» **What you will do**: Exactly and only the lines below from the one containing "This guide will" down to the one containing "新見市井倉を通過する伯備線115系電車(ワンマン-2両編成)" are wanted, both included; please exclude every picture.

» **Records for the exercise**:
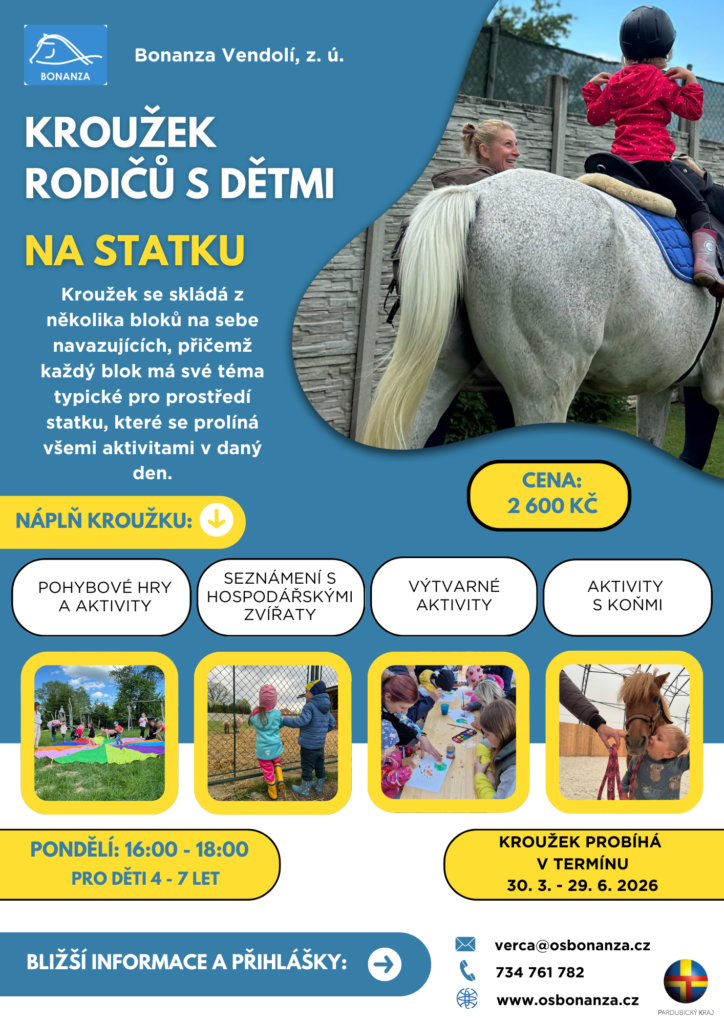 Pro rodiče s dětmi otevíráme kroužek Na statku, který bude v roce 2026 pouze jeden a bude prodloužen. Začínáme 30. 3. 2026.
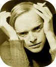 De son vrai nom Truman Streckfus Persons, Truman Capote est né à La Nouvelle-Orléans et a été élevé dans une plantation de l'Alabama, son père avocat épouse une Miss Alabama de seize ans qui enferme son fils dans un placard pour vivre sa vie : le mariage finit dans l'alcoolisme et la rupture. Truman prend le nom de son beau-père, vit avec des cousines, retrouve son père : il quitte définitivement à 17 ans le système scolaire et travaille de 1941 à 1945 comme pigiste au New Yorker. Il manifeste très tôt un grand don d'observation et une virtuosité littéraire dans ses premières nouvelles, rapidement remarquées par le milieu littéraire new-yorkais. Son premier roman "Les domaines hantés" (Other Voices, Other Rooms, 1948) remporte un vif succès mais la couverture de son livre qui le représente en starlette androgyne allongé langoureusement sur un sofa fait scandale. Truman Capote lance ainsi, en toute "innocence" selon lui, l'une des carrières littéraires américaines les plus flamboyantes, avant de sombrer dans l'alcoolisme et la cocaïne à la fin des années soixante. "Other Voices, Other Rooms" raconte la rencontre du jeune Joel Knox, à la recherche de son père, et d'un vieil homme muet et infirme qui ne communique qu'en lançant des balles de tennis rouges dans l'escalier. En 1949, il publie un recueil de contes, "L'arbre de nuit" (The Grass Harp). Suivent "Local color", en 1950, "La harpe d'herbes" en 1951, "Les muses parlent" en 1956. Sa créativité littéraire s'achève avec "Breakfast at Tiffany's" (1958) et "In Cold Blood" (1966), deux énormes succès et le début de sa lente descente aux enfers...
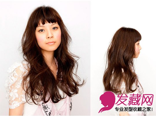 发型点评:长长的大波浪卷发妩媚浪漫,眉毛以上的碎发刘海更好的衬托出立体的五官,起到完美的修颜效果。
* * *
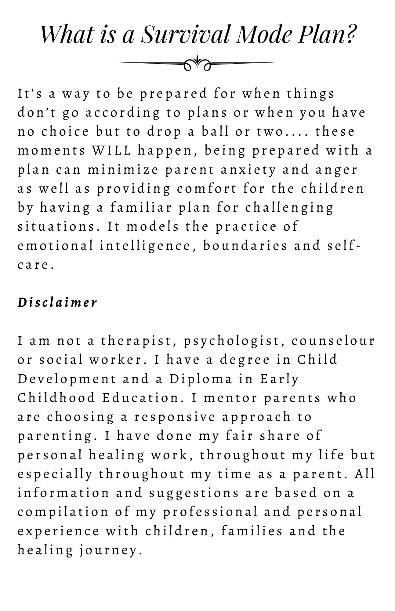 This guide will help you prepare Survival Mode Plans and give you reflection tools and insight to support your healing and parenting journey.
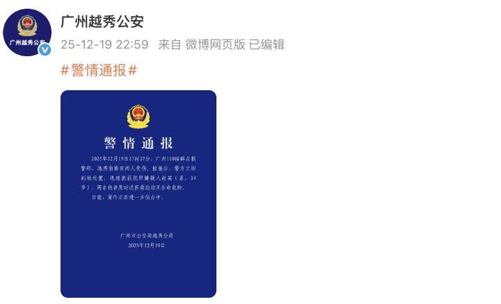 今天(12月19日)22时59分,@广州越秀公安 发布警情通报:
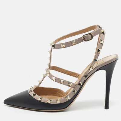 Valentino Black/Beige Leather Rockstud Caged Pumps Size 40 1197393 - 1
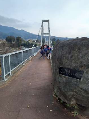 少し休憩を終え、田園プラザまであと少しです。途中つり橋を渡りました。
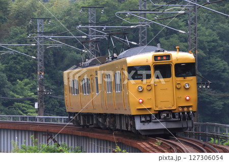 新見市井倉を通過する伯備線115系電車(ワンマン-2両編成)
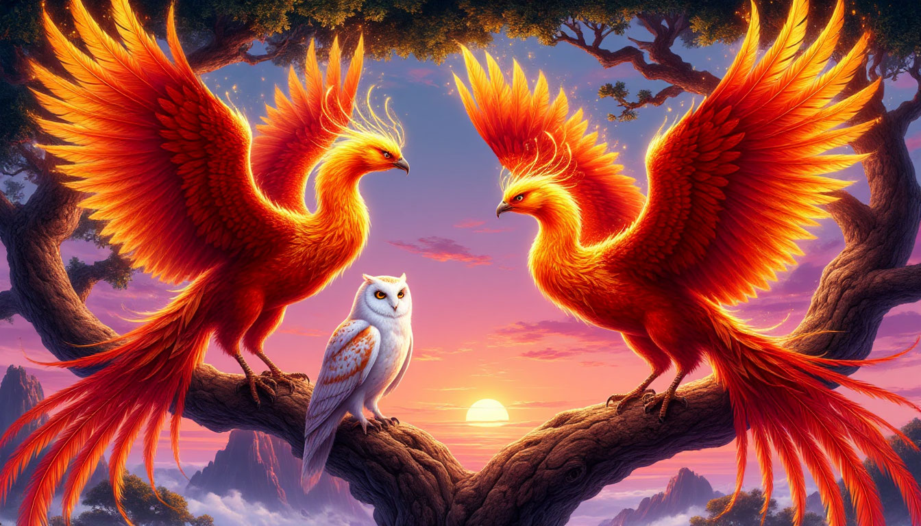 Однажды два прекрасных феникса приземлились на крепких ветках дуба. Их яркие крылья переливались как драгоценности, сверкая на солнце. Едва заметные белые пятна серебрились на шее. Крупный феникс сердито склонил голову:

» **Task response**:
 This guide will help you prepare Survival Mode Plans and give you reflection tools and insight to support your healing and parenting journey.
 今天(12月19日)22时59分,@广州越秀公安 发布警情通报:
 Valentino Black/Beige Leather Rockstud Caged Pumps Size 40 1197393 - 1
 少し休憩を終え、田園プラザまであと少しです。途中つり橋を渡りました。
 新見市井倉を通過する伯備線115系電車(ワンマン-2両編成)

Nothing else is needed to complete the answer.